As promised, I am back with the recipe for apricot-maple oatmeal cookies I make a week ago. I created this recipe just to use up some dried apricots that were hanging out in my cabinet. I am so pleased with these cookies. I LOVE oatmeal cookies, usually making some variation of oatmeal-cranberry cookies. This time though, I made them with apricot, maple syrup, and Fall spices. I am in love with these cookies. The maple syrup really plays off the nutmeg and cinnamon, while the apricots are a pleasant surprise in the cookie. They are chewy, but crunchy around the edges, and a golden brown! YUM. So here it is!

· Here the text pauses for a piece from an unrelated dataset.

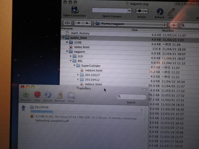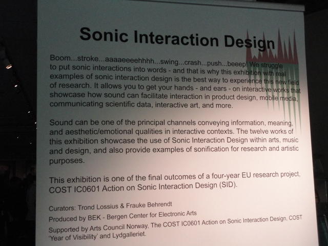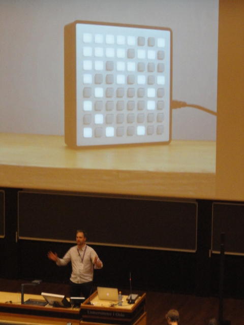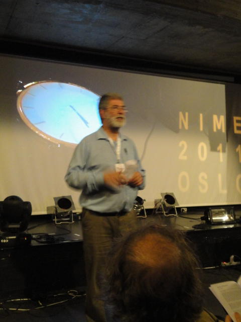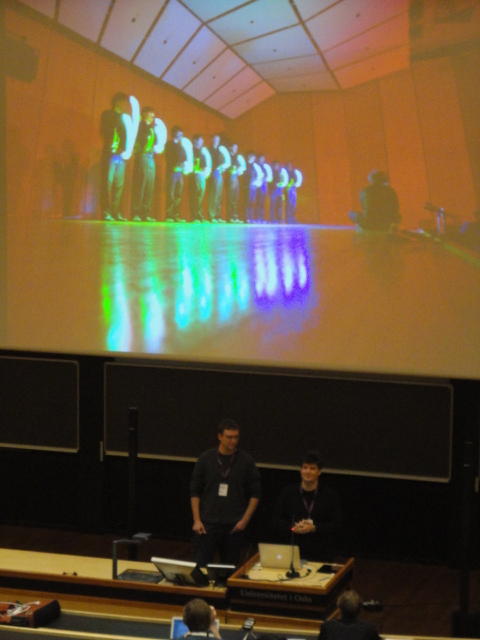 NIME2011 に参加して、コンサートセッションでの発表、steering committee meeting(国際組織委員会)などのため、オスロに行き、 同時進行で Processing日記 も書いてはWebに上げました。 オスロではSonic Interaction Designのフェスティバルも併催され、今後に向けて多くの刺激を得ました。 昨今のブームを反映して予想されたことですが、研究発表ではiPhone/iPadをインターフェースに使ったシステムの発表、 あるいはWebカメラに代わってKinectを画像センサとした発表が多数、ありました。コンサートでは、欧州での開催ということもあり、ICMC的な音楽的レベルの高い作品も多かったです。 日本では初音ミク・ぼかりす等の歌声合成がブームですが、それも知った上で、 敢えて生身の人間の声を作曲/演奏に活用した芸術的なアプローチが印象に残りました。 ミクの歌声にミクの3D-CGやアンドロイドロボットという虚構で喜んでいるのは日本だけなのかもしれません。
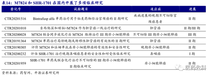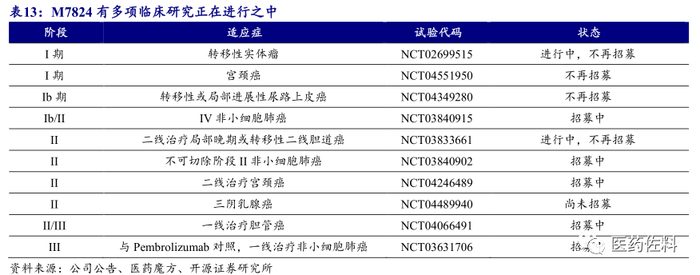 目前M7824有多项临床研究正在进展之中,其中最引人瞩目的是与帕博利珠单抗头对头,一线治疗PD-L1高表达非小细胞肺癌的临床研究。该临床研究若取得正面结果,将大大提升其在肿瘤免疫治疗领域的地位。

Apricot-Maple Oatmeal Cookies
1 “egg” (I used energie egg replacer, you can also use flaxmeal and water)
1/3 c vegan butter (I used earth balance)

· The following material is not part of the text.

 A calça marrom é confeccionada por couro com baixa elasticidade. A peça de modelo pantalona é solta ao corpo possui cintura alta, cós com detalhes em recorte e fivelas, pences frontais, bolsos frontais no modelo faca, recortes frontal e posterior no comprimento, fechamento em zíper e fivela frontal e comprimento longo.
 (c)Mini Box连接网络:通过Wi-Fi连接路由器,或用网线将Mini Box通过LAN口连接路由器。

1/2 c evaporated cane juice
1/4 c maple syrup
1 t vanilla
1 c all-purpose flour
1/2 t Baking Powder
1/4 t Baking Soda
1/4 t salt
1 t cinnamon
1/4 t nutmeg
1 1/2 c oats, regular, not quick oats
2/3 c. chopped dried apricots
Pre-heat oven to 375*F
In a large bowl, beat softened vegan butter with evaporated cane juice, maple syrup, and vanilla together with a hand mixer until fully combined and creamy. In a small bowl, create energie egg using 1 1/2 t powder to 2 T warm water and beat until slightly foamy and combined. Add into butter mixture and stir to incorporate. In a separate bowl, combine flour baking soda, baking powder, salt, nutmeg, and cinnamon. Add flour mixture to butter mixture and stir to incorporate (or beat with hand mixer on lowest setting). When fully combine add oats and apricots. Stir to combine. If mixture seems too dry, add a bit of non-dairy milk, but you should not have to do this if butter is soft enough!

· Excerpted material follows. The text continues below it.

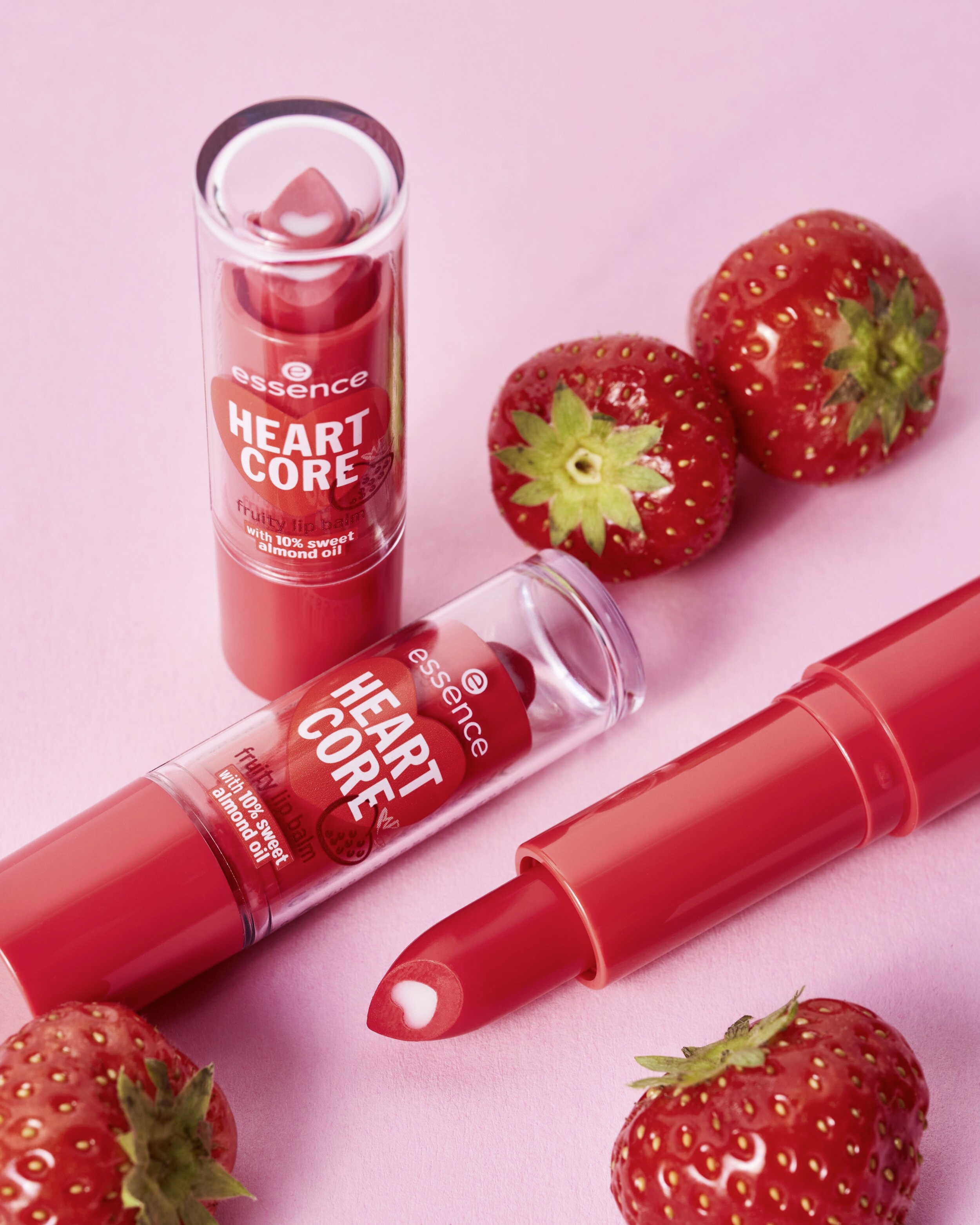 Ovocný balzám na rty HEART CORE má hravý design a je skutečně multifunkční: pečující jádro ve tvaru srdce a příjemně ovocná vůně a vejde se do každé kabelky. Kromě toho 10% olej ze sladkých mandlí poskytuje intenzivní péči a jemná textura s lehkým krytím zanechává na rtech jemný barevný třpytivý efekt – ideální pro rychlou úpravu na cestách.

Form into small balls (about a tablespoon) and place on lightly oiled cookie sheet. Bake at 375*F for 10-15 minutes, depending on how gooey or crisp you want them. They are done when the edges start to turn a golden brown. Remove from oven and let sit for 1-2 minutes on cookie sheet before removing and placing on wire rack to cool completely. OR, pour a glass of almond milk and dig in! Depending on size: Makes 2 dozen cookies
A few tips: If you like your oatmeal cookies a bit more chewy, try adding more oats. This will bulk up the cookie a bit, and create that really chewy texture. If you want a crispier cookie, you may want to subtract a bit of the oats and add a little more flour to compensate the dry ingredients.
These cookies freeze really well, and are perfect for the end of a Fall meal! Enjoy!